▸ HOW TO COMPLETE THIS TASK: In the entries below, find the line with "Ein Backlink-Check analysiert" and print exactly every line from there up to and including the line with "Oval silvered brass", with no other lines.

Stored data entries

* * * * * * *

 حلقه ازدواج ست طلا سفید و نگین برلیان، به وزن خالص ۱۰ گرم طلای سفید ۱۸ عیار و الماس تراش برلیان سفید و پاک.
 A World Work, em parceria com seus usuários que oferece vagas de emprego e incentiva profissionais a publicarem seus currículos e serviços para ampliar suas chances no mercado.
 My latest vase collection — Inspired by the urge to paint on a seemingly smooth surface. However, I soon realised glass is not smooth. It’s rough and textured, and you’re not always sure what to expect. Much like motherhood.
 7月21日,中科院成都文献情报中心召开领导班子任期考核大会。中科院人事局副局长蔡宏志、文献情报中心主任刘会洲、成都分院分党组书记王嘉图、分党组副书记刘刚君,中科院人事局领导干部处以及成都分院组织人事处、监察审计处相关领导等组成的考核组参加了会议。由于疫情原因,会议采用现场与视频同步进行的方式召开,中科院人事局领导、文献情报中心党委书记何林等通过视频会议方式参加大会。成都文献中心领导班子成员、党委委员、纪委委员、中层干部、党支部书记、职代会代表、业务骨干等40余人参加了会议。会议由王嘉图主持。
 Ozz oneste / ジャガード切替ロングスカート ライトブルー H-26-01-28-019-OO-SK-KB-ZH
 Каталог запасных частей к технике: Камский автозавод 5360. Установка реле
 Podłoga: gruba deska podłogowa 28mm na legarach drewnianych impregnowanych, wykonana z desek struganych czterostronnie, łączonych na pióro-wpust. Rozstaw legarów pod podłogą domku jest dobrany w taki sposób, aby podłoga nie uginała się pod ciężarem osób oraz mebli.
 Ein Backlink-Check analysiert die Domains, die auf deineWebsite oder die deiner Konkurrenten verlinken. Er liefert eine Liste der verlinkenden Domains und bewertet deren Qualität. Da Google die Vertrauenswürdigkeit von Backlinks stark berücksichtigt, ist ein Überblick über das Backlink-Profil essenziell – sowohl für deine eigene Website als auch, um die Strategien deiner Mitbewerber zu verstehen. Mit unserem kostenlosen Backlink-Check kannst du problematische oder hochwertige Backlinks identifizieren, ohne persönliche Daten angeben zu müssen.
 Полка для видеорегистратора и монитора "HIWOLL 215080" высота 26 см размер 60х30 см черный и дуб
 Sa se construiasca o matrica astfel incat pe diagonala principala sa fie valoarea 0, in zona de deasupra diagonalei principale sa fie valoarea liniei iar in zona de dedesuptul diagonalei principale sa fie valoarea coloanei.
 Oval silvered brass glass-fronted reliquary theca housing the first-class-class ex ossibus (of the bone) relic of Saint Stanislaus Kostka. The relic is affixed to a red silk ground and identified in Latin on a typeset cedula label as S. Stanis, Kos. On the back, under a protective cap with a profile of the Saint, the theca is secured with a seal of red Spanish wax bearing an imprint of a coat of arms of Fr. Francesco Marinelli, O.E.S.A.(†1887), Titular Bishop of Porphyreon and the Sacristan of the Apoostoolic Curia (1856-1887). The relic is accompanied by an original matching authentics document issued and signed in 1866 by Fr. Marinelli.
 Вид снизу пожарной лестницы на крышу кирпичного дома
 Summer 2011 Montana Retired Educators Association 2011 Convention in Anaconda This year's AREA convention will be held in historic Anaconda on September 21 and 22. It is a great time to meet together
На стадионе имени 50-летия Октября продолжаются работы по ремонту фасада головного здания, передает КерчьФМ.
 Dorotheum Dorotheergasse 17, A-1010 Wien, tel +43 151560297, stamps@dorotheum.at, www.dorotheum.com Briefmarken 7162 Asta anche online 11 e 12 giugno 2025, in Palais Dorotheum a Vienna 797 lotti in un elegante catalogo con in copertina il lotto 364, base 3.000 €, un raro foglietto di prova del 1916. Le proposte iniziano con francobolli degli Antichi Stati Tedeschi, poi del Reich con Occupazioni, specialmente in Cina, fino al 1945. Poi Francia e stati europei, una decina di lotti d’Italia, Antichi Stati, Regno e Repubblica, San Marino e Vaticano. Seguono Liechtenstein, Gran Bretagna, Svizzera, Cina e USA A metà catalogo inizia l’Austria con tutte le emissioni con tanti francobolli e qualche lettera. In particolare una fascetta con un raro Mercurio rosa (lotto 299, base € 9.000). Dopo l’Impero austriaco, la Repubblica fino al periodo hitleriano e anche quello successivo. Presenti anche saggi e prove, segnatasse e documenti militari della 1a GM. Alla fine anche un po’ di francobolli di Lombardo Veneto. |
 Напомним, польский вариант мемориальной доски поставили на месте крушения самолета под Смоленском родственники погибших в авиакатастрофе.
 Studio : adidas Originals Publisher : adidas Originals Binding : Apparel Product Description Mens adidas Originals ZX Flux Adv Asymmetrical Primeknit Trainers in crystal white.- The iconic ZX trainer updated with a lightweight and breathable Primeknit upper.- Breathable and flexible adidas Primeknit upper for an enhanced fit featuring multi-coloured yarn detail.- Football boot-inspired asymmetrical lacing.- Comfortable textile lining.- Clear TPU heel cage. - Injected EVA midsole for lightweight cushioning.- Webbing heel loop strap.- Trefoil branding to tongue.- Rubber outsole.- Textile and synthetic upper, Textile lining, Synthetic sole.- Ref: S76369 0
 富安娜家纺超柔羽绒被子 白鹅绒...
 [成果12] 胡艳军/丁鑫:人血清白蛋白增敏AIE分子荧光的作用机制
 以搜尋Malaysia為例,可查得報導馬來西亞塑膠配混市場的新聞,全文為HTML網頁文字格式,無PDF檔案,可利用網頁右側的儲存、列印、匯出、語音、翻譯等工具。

* * * * * * *

▸ EXERCISE ANSWER:
 Ein Backlink-Check analysiert die Domains, die auf deineWebsite oder die deiner Konkurrenten verlinken. Er liefert eine Liste der verlinkenden Domains und bewertet deren Qualität. Da Google die Vertrauenswürdigkeit von Backlinks stark berücksichtigt, ist ein Überblick über das Backlink-Profil essenziell – sowohl für deine eigene Website als auch, um die Strategien deiner Mitbewerber zu verstehen. Mit unserem kostenlosen Backlink-Check kannst du problematische oder hochwertige Backlinks identifizieren, ohne persönliche Daten angeben zu müssen.
 Полка для видеорегистратора и монитора "HIWOLL 215080" высота 26 см размер 60х30 см черный и дуб
 Sa se construiasca o matrica astfel incat pe diagonala principala sa fie valoarea 0, in zona de deasupra diagonalei principale sa fie valoarea liniei iar in zona de dedesuptul diagonalei principale sa fie valoarea coloanei.
 Oval silvered brass glass-fronted reliquary theca housing the first-class-class ex ossibus (of the bone) relic of Saint Stanislaus Kostka. The relic is affixed to a red silk ground and identified in Latin on a typeset cedula label as S. Stanis, Kos. On the back, under a protective cap with a profile of the Saint, the theca is secured with a seal of red Spanish wax bearing an imprint of a coat of arms of Fr. Francesco Marinelli, O.E.S.A.(†1887), Titular Bishop of Porphyreon and the Sacristan of the Apoostoolic Curia (1856-1887). The relic is accompanied by an original matching authentics document issued and signed in 1866 by Fr. Marinelli.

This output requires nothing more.